■ **TASK GOAL**:
Print the whole listing again exactly, keeping no pictures in it.
————————
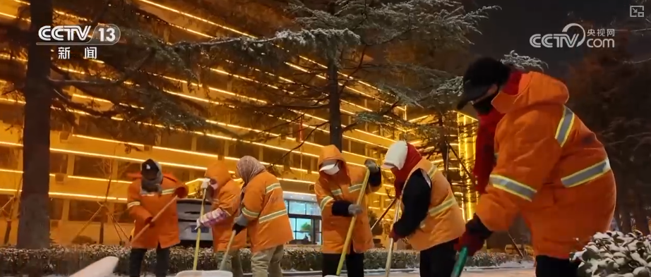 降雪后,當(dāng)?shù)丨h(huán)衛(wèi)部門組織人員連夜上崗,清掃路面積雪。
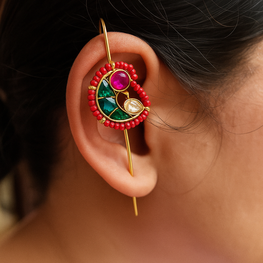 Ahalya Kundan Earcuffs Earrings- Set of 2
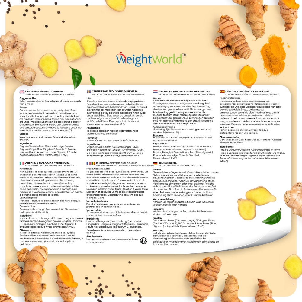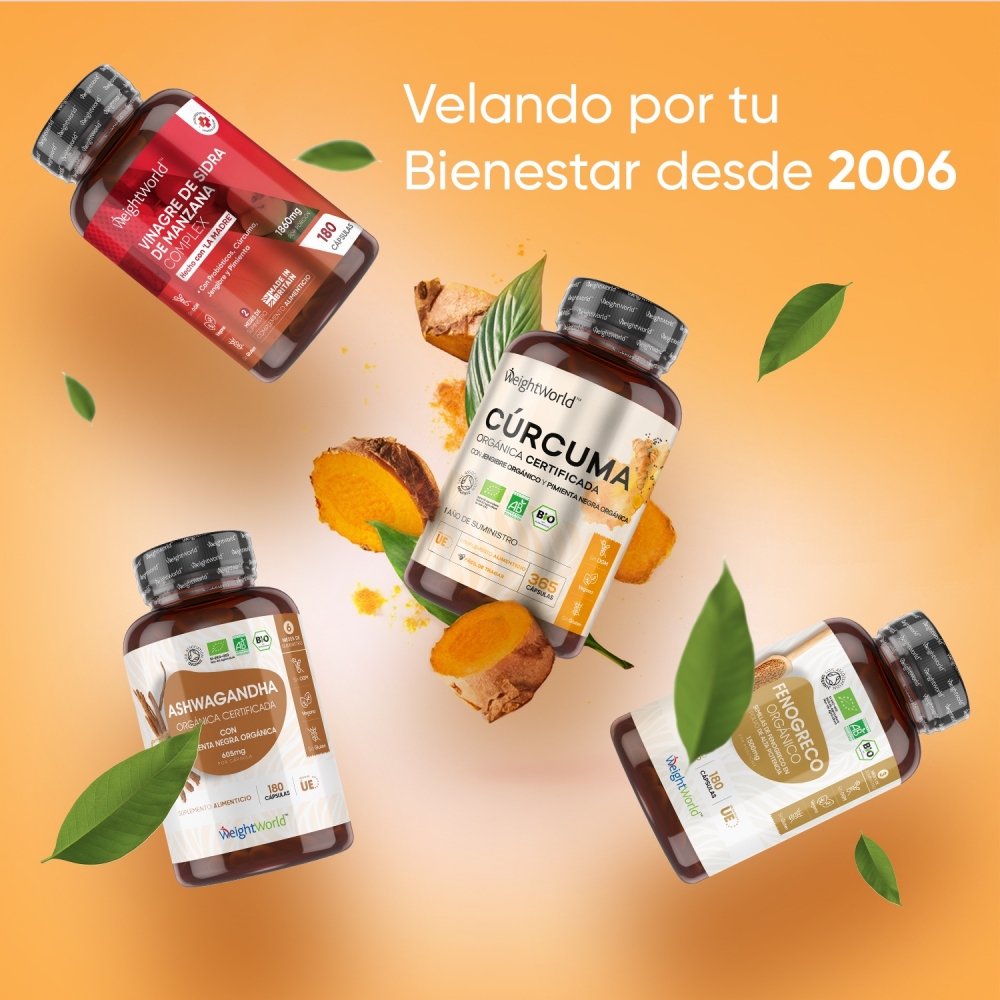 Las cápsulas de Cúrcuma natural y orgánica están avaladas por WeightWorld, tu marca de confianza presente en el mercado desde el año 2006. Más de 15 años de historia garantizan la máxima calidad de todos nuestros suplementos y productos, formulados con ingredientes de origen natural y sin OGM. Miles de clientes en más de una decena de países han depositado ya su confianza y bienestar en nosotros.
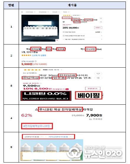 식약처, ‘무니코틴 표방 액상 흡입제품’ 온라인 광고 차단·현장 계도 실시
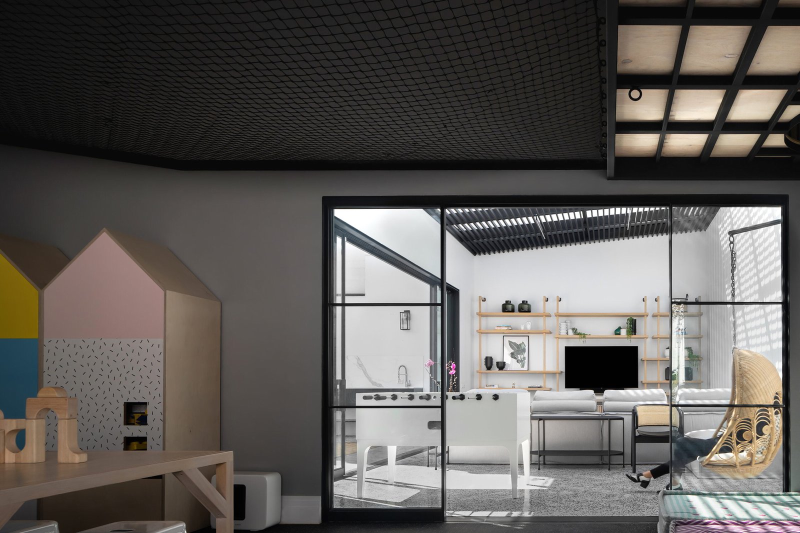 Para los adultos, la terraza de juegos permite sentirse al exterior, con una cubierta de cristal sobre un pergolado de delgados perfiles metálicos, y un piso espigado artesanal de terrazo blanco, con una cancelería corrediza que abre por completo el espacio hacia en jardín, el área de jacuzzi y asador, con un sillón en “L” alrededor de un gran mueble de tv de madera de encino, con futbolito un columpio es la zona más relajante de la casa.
————————
■ **SOLUTION TO THIS PROBLEM**:
 降雪后,當(dāng)?shù)丨h(huán)衛(wèi)部門組織人員連夜上崗,清掃路面積雪。
 Ahalya Kundan Earcuffs Earrings- Set of 2
 Las cápsulas de Cúrcuma natural y orgánica están avaladas por WeightWorld, tu marca de confianza presente en el mercado desde el año 2006. Más de 15 años de historia garantizan la máxima calidad de todos nuestros suplementos y productos, formulados con ingredientes de origen natural y sin OGM. Miles de clientes en más de una decena de países han depositado ya su confianza y bienestar en nosotros.
 식약처, ‘무니코틴 표방 액상 흡입제품’ 온라인 광고 차단·현장 계도 실시
 Para los adultos, la terraza de juegos permite sentirse al exterior, con una cubierta de cristal sobre un pergolado de delgados perfiles metálicos, y un piso espigado artesanal de terrazo blanco, con una cancelería corrediza que abre por completo el espacio hacia en jardín, el área de jacuzzi y asador, con un sillón en “L” alrededor de un gran mueble de tv de madera de encino, con futbolito un columpio es la zona más relajante de la casa.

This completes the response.